__EXERCISE INSTRUCTIONS__
The output is the line containing "For your consideration" plus every later line down to the end of the listing below, copied exactly. No pictures belong in it.

__DATA SECTION__
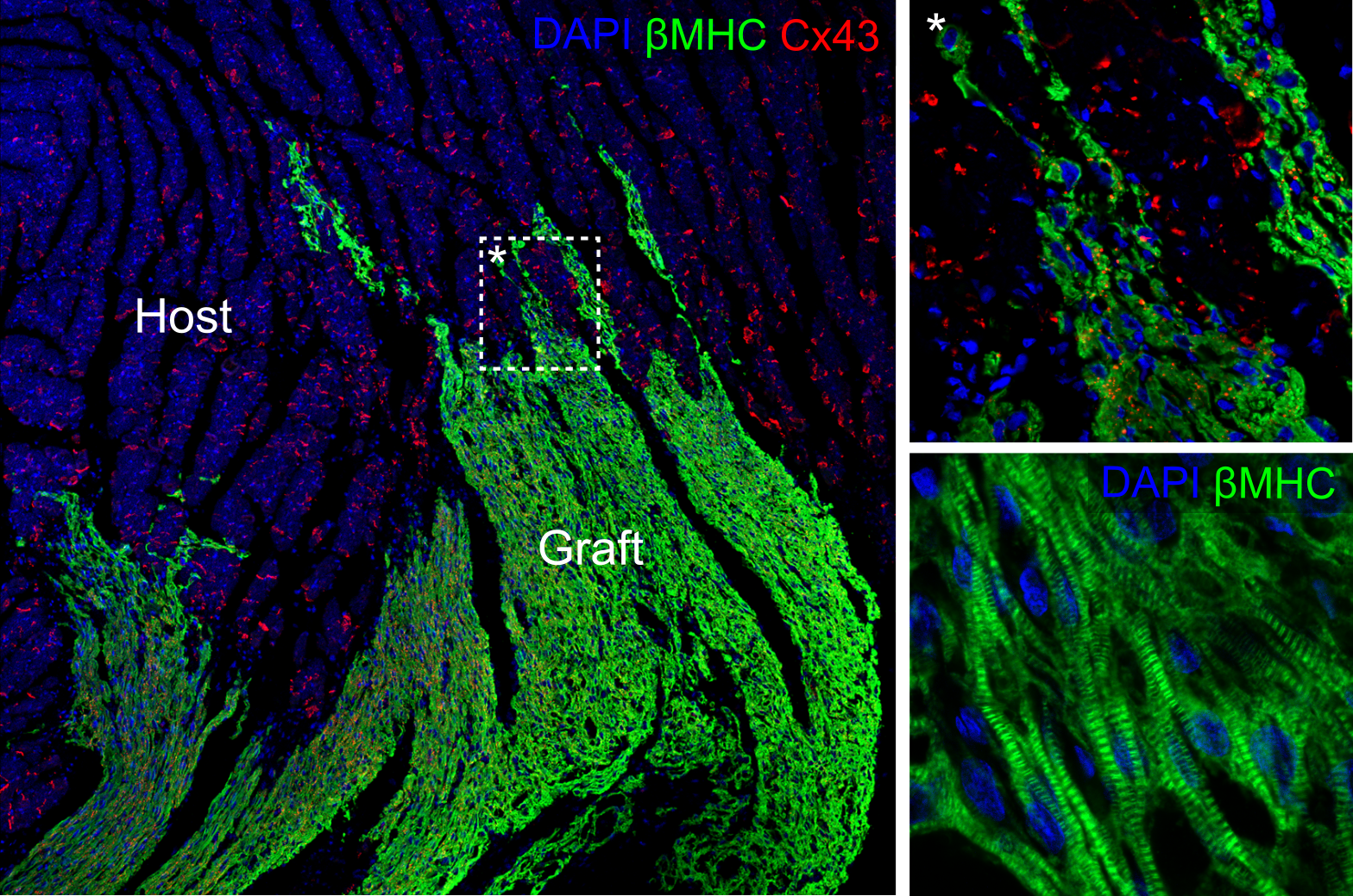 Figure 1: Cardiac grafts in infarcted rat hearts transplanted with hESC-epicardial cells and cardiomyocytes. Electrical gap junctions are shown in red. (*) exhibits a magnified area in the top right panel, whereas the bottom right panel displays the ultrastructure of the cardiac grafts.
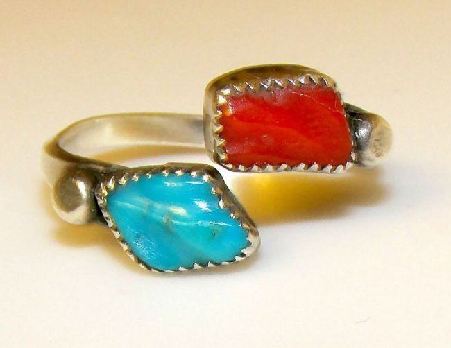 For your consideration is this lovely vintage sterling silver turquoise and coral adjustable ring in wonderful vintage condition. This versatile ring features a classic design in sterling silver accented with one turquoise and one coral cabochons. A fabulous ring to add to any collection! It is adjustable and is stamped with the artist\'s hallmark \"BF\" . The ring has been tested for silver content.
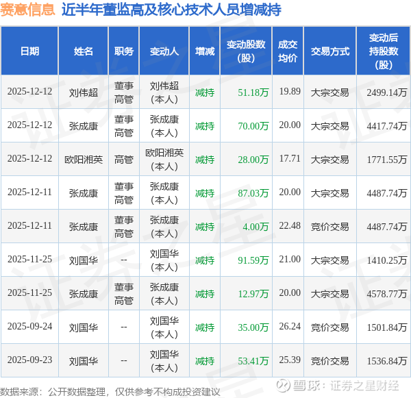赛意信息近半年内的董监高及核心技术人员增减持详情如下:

__ANSWER BOX__
 For your consideration is this lovely vintage sterling silver turquoise and coral adjustable ring in wonderful vintage condition. This versatile ring features a classic design in sterling silver accented with one turquoise and one coral cabochons. A fabulous ring to add to any collection! It is adjustable and is stamped with the artist\'s hallmark \"BF\" . The ring has been tested for silver content.
赛意信息近半年内的董监高及核心技术人员增减持详情如下:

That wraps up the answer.